Après une brève présentation de l'homme et de l'oeuvre, l'itinéraire que nous nous proposons donc de suivre dans ce travail partira de l'analyse des romans de Sassine tels qu'on peut les appréhender à un premier niveau de signification : l'évocation de la société africaine, postcoloniale pour Saint Monsieur Baly, Le jeune Homme de sable et Le Zéhéros n'est pas n'importe qui, coloniale pour Wirriyamu, dont l'action a pour cadre une « province » portugaise d'outre-mer en voie d'émancipation. Cette évocation se propose de prendre en compte, tour à tour, les aspects historiques et sociologiques de ces sociétés, qui expliquent pour une large part le présent, et d'en déterminer le mode de fonctionnement, largement conditionné par un constant recours à la violence et à l'oppression. La dénonciation du pouvoir totalitaire reposant sur des hommes et des institutions pervertis, représente pour Sassine, comme pour beaucoup de ses contemporains, une véritable opération de salubrité publique, mais elle ne saurait, à elle seule, se constituer en un objet littéraire unique. Si l'Afrique connaît aujourd'hui une tragédie sans pareille, c'est, suggère le romancier, parce qu'elle a trahi ses dieux tutélaires.
Plutôt que complaisance morose à l'égard des malheurs du temps, Sassine invite donc ses lecteurs à un recentrage sur les valeurs profondes enfouies dans la mémoire d'une Afrique qui, sur bien des points, s'apparente à la « structure feuilletée » dont parle Claude Lévi-Strauss à propos des mythes.
Les quatre derniers chapitres de notre travail se donneront donc pour objectif de suivre pas à pas le romancier dans sa quête d'une Afrique perdue qui, telle un palimpseste, laisse apparaître peu à peu, aux yeux d'un observateur avisé, les traces immémoriales déposées en elle au long des siècles passés.
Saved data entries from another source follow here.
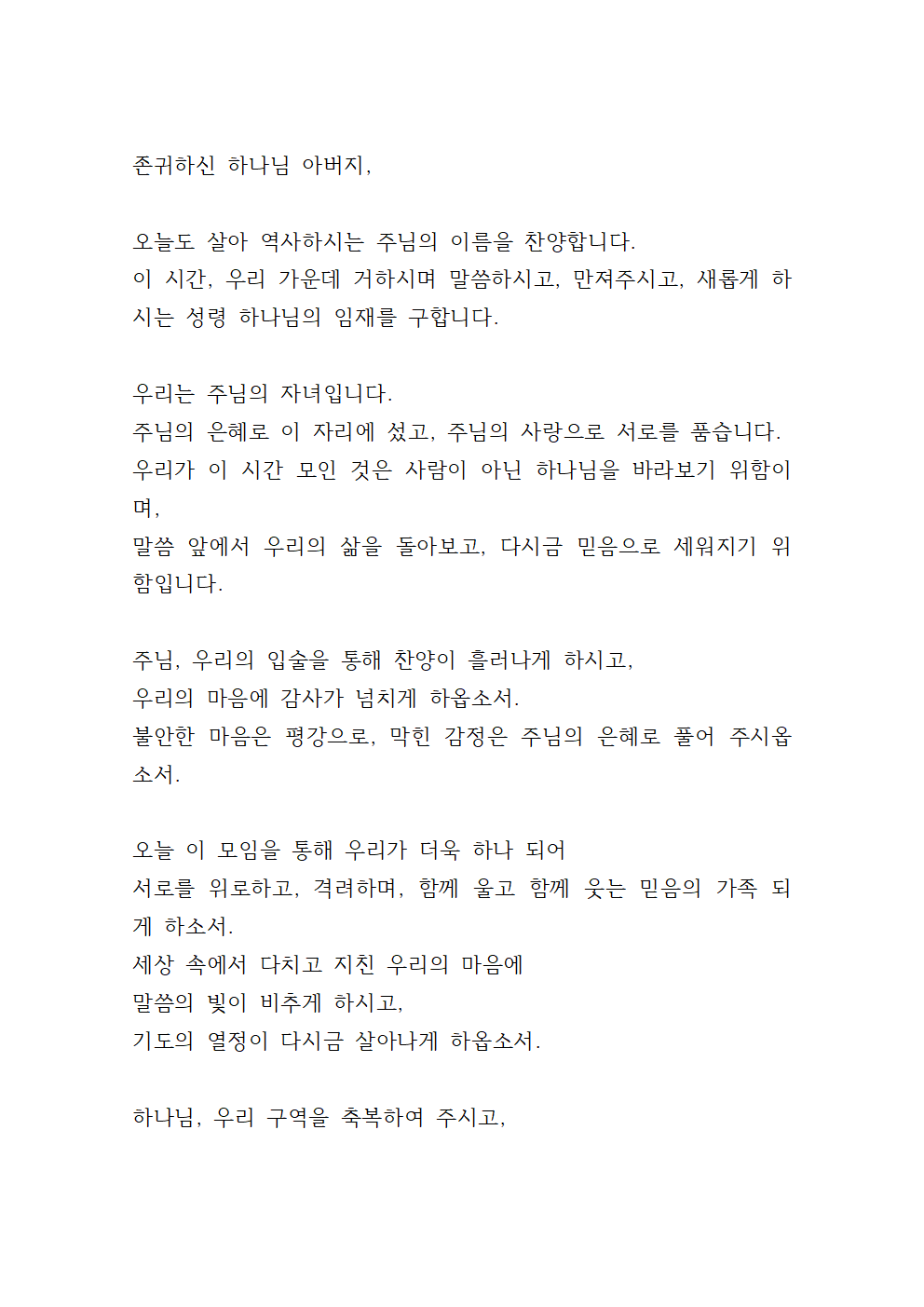 오늘 저희가 이렇게 한 자리에 모여 구역예배를 드리게 하심에 진심으로 감사드립니다. 이 작은 모임 속에서도 주님의 임재와 은혜를 기대하며 나아오니, 저희 마음과 정성을 기쁘게 받아 주시옵소서. 이 시간을 통해 저희가 더욱 주님을 깊이 만나고, 주님의 말씀 안에서 변화되는 시간이 되게 하여 주시옵소서.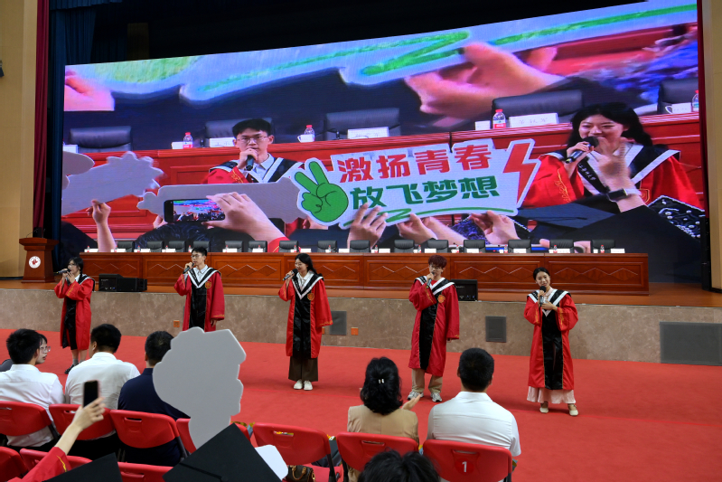 “把浩瀚的海洋装进我胸膛,即使再小的帆也能远航……”声声祝福,句句叮咛,化作辅导员们和学生们深情的歌声。全体教师与毕业生挥手告别,学院2025届本科毕业生学士学位授予仪式圆满结束。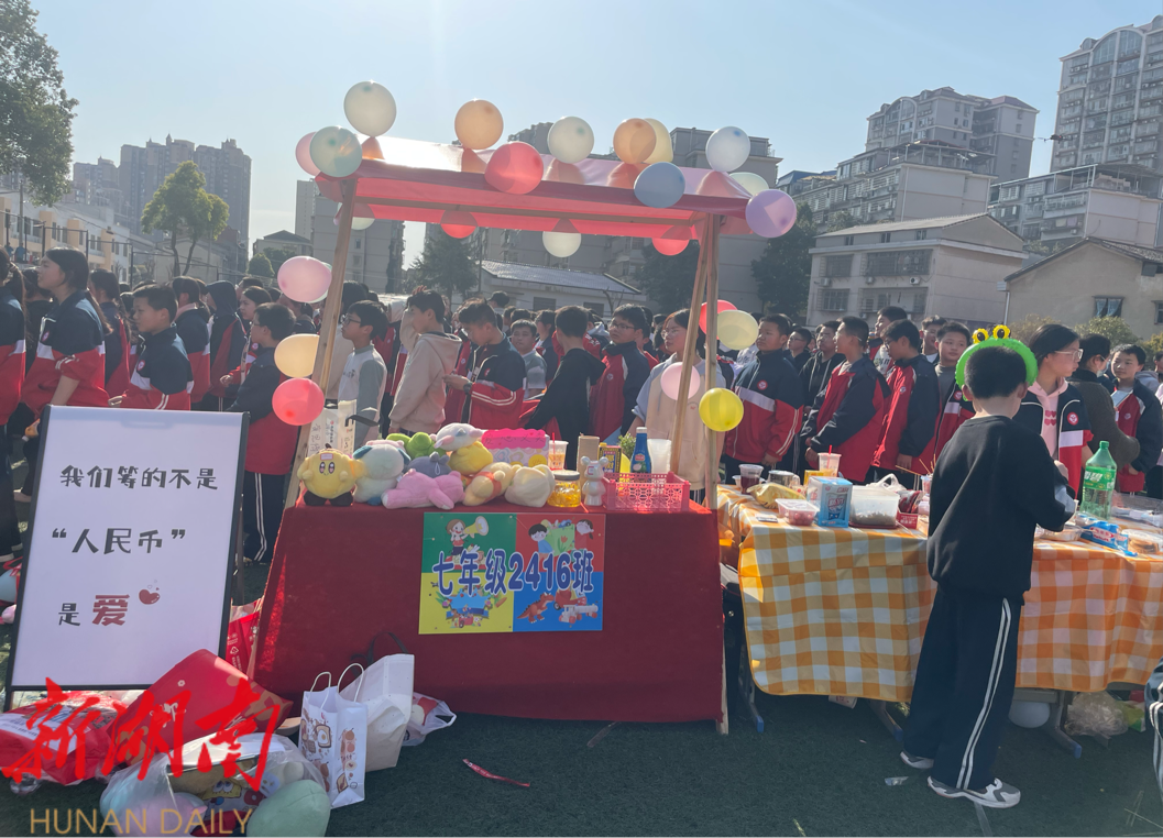 湖南日报·新湖南客户端3月24日讯 (通讯员 陈理 黄琨)“来来来,清仓大卖等你来,我们等的不是人民币,是爱!”3月21日,湘阴县文星中学七年级全体师生在学校田径场开展“义起献爱心,共筑暖春情”爱心义卖活动。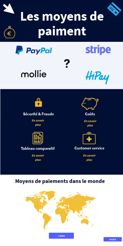 Coût fixe de 0.29€ à 1€ par transaction + Coût Variable de 0.5% à 2.99% par transactionÉviter les blocages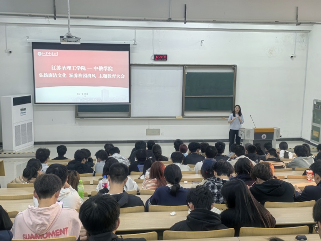 为进一步加强校园廉洁文化建设,提高学生廉洁素养,教育引导2024级新生系紧、系好“人生第一粒扣子”,11月1日,江苏圣理工学院-中俄学院在西教14号楼阶201开展新生入学教育之廉洁教育——“弘扬廉洁文化,涵养校园清风”主题教育大会。大会由学院党委副书记文雯主讲,2024级年级辅导员、班主任及2024级新生参加。
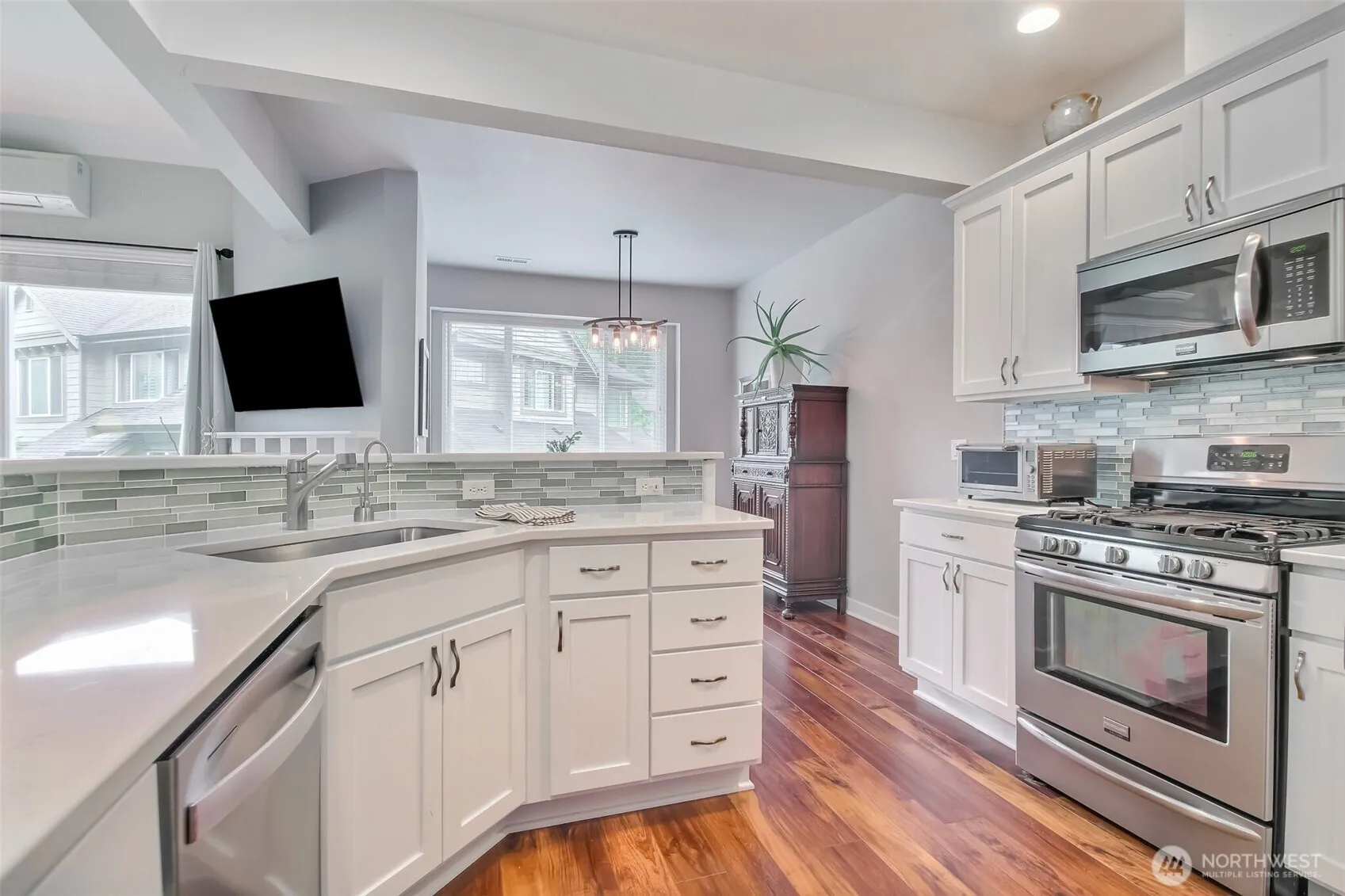 This pristine townhome w/dramatic entry & 9ft ceiling throughout, is one of the residences on 9 acres of lush vegetation that surround private ponds w/waterfalls & benches to sit & enjoy nature; these are a rich backdrop for Nature’s Landing homes. Today’s modern amenities are the perfect blend of comfort, elegance & livability-newer luxe kitchen w/adjacent living/dining rms also great for informal use. Lavish primary suite w/recently remodeled bath, large 2nd bedroom & bath & spacious laundry grace the 2nd level. New flooring throughout the main level that opens to a private deck overlooking private grounds, waterfall & pond…enjoy the sounds of nature! AC-mini splits. Walk to bus North Creek trail, MC Sports Park, Mill Creek Town Cntr.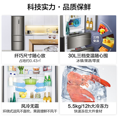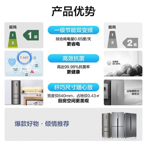 纤薄体积设计,占地不到半平方,嵌入橱柜更好看,双层冷冻抽屉,各种美食分开摆放,雪糕沾不上海腥味。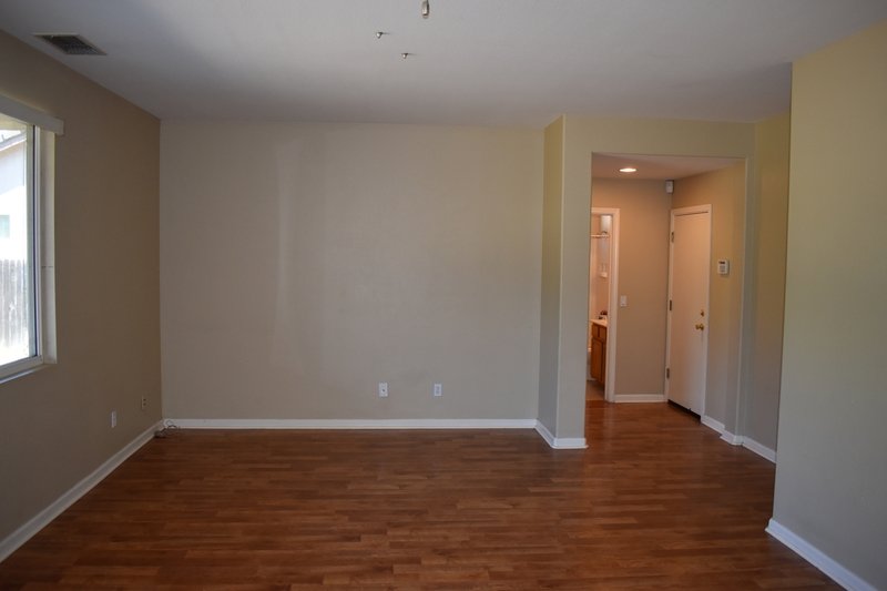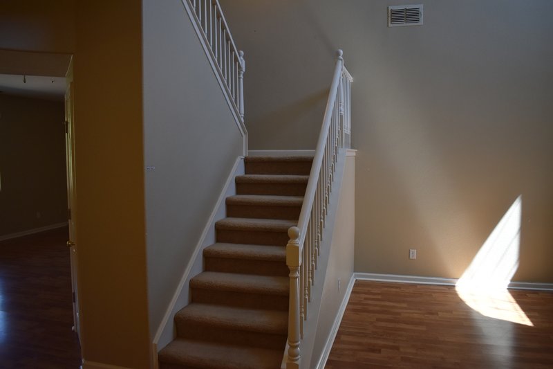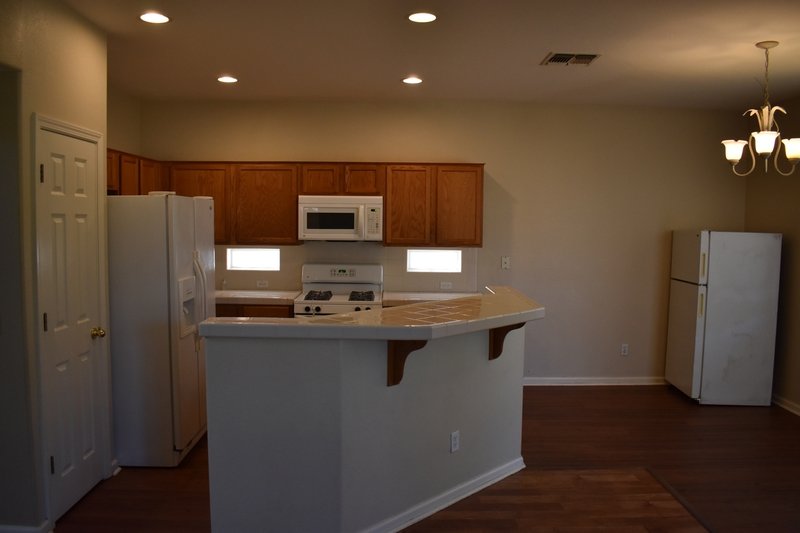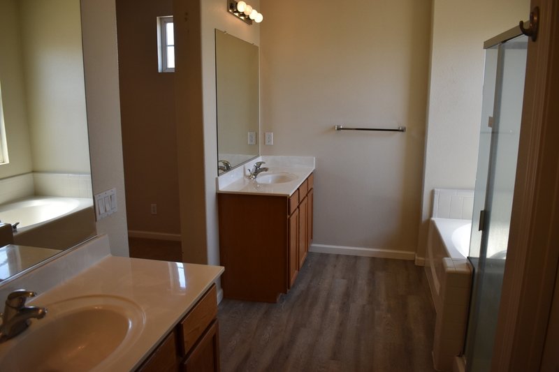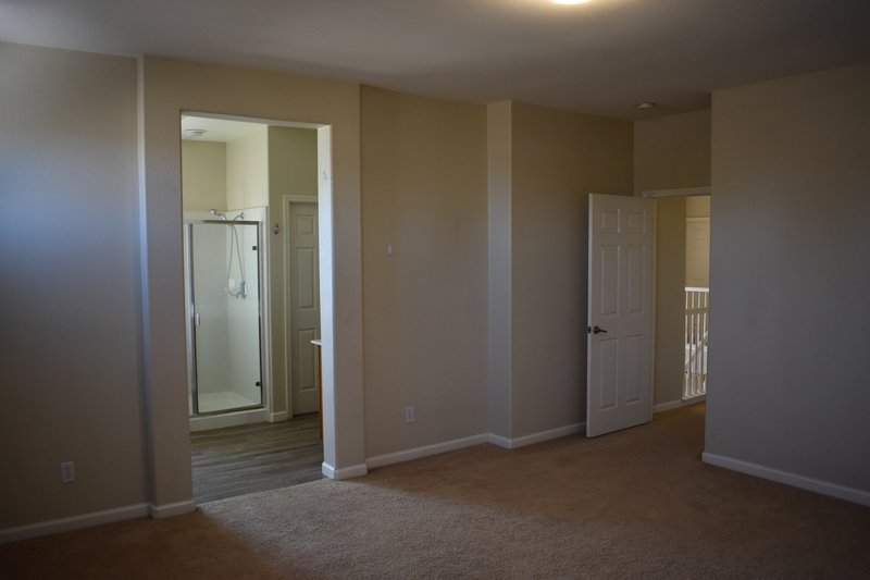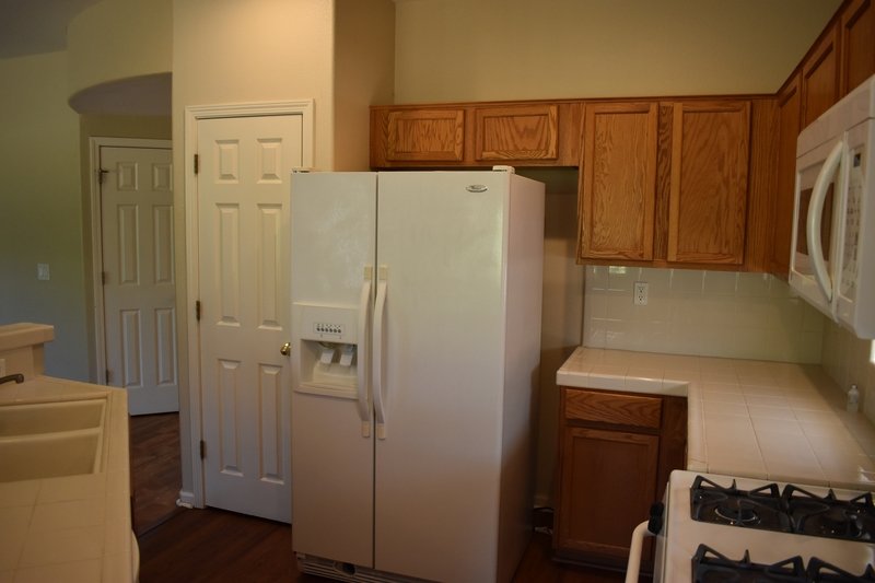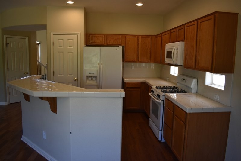 Available now. This house in North Merced features laminate flooring in the downstairs. The formal living room features vaulted ceilings. The kitchen features tile countertops with a gas cooktop, fridge included and pantry. One bedroom is located downstairs. The upstairs features carpet. The master bedroom features a walk in closet. The master bathroom features separate sinks, a tub and shower stall. The laundry room is located upstairs and features a washer and dryer. The backyard features a covered patio, concrete with fruit trees.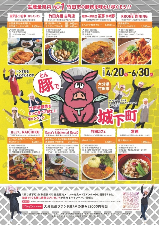 キャンペーン期間中、対象の飲食店8店舗で「竹田産豚肉メニュー」をお食事いただき、店舗に設置しているQRコードからアンケートに回答していただいた応募者の中から抽選で10名様に大分ブランド豚「米の恵み」2000円相当をお贈りします!皆さまの参加をお待ちしております♪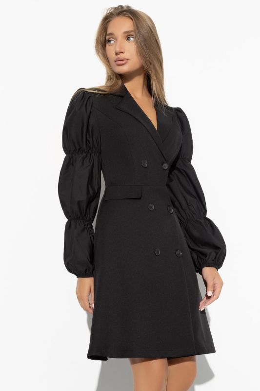 Платье-пиджак чёрное с оригинальными рукавами от бренда Charutti. Модель полуприлегающего силуэта, выполнена из костюмного полотна. V-образный вырез горловины с лацками. Втачные длинные рукава из поплина с резинками. Имитация карманов. Идеальный выбор для городских модниц.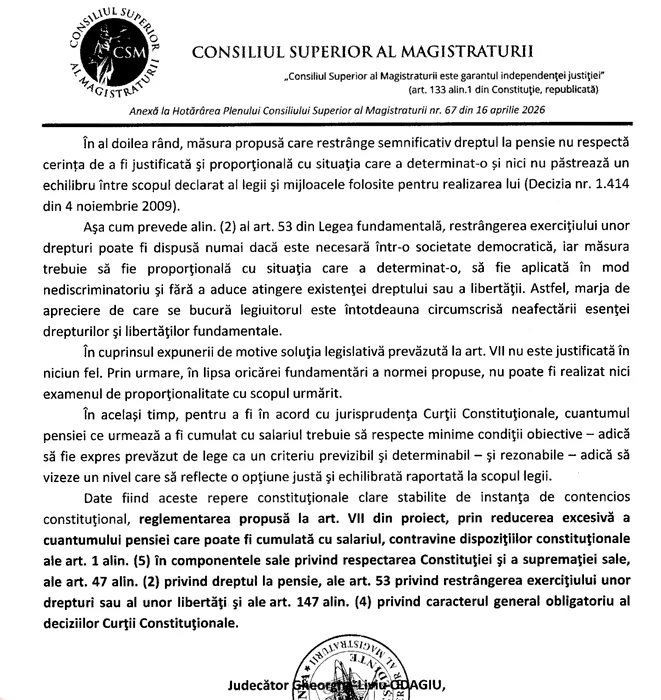 Document. CSM desființează proiectul cu care se laudă Pîslaru de eliminare a cumulului pensiei cu salariul. „Sunt două drepturi fundamentale care nu pot fi îngrădite”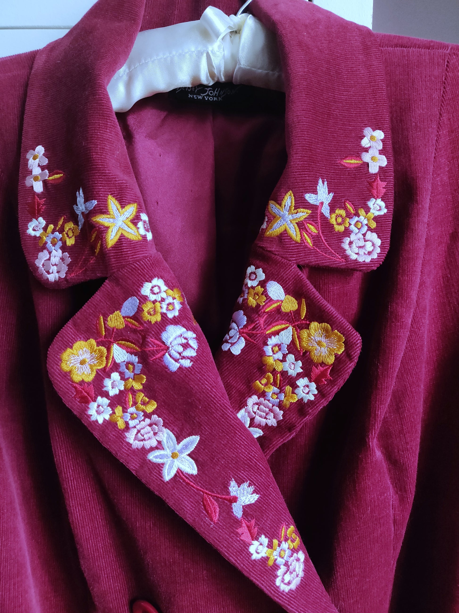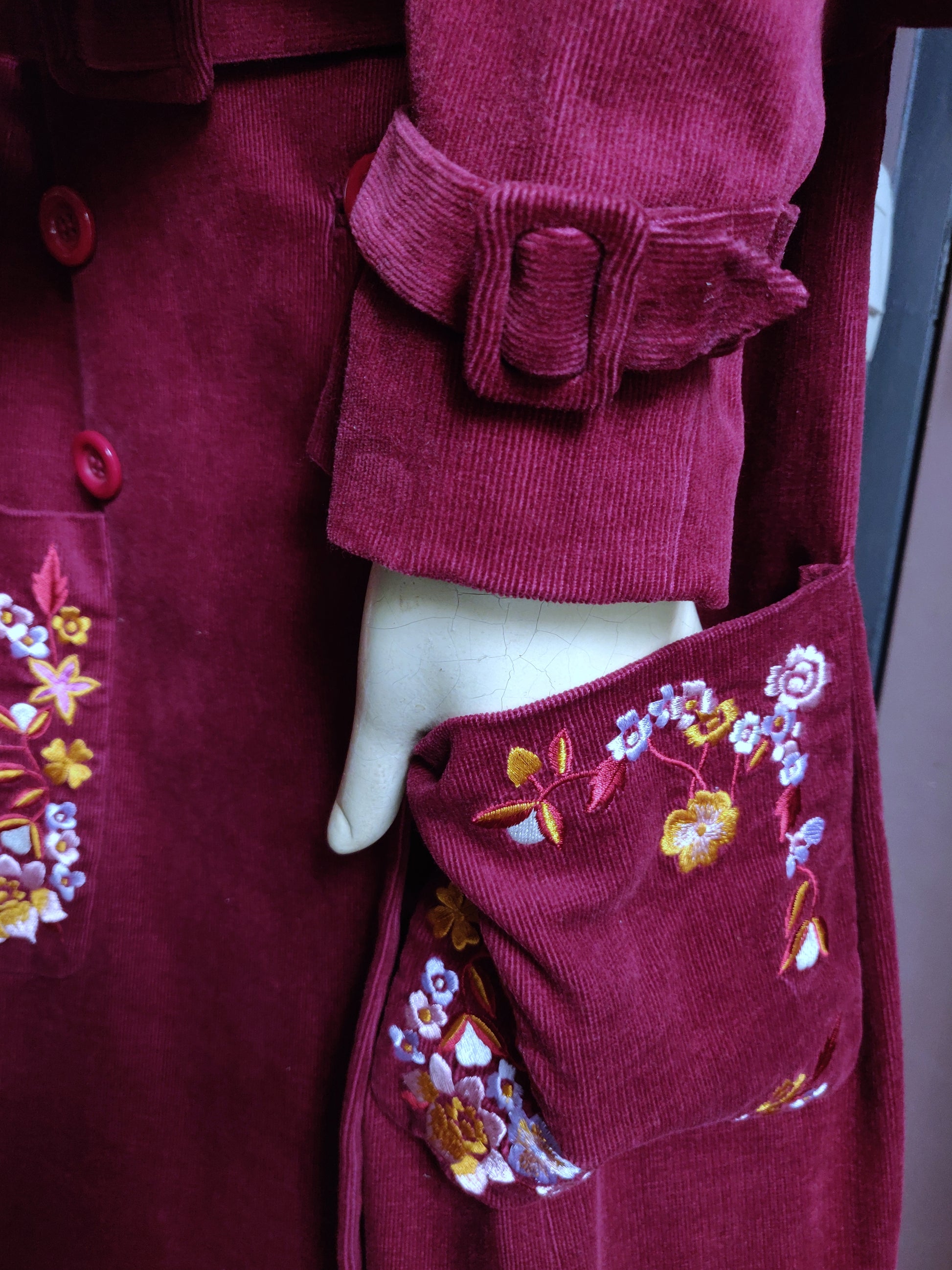 It has lovely floral embroidery on the collar and the pockets and is in pristine condition. It's even machine washable!

Pour Williams Sassine, il ne s'agit plus cette fois de faire oeuvre d'historien ou de chroniqueur, mais de se laisser progressivement imprégner par les mythes fondateurs dans lesquels baignent les origines de l'humanité, qu'il aille chercher son bien dans les mythes bibliques ou dans les grands mythes cosmogiques africains. Nous serons ainsi conduits à évaluer la constante dérive d'une oeuvre qui oscille sans cesse du réel à l'imaginaire, du profane au sacré, dérive affectant aussi bien les catégories de l'espace et du temps que le parcours quasi initiatique suivi par les personnages qui en sont les acteurs.
D'une oeuvre à l'autre, on retrouve en effet, à quelques variantes près, un scénario identique. Ainsi le héros éponyme de Saint Monsieur Baly et ses compagnons d'infortune ont-ils pour projet de construire une école pour les pauvres ; mais on comprend rapidement que cet objectif, louable en soi, leur sert en réalité d'alibi ou de paravent pour un projet beaucoup plus fondamental qui vise, pour les uns, à la récupération de leur identité, et, pour le héros, à se hisser au niveau d'une véritable sainteté.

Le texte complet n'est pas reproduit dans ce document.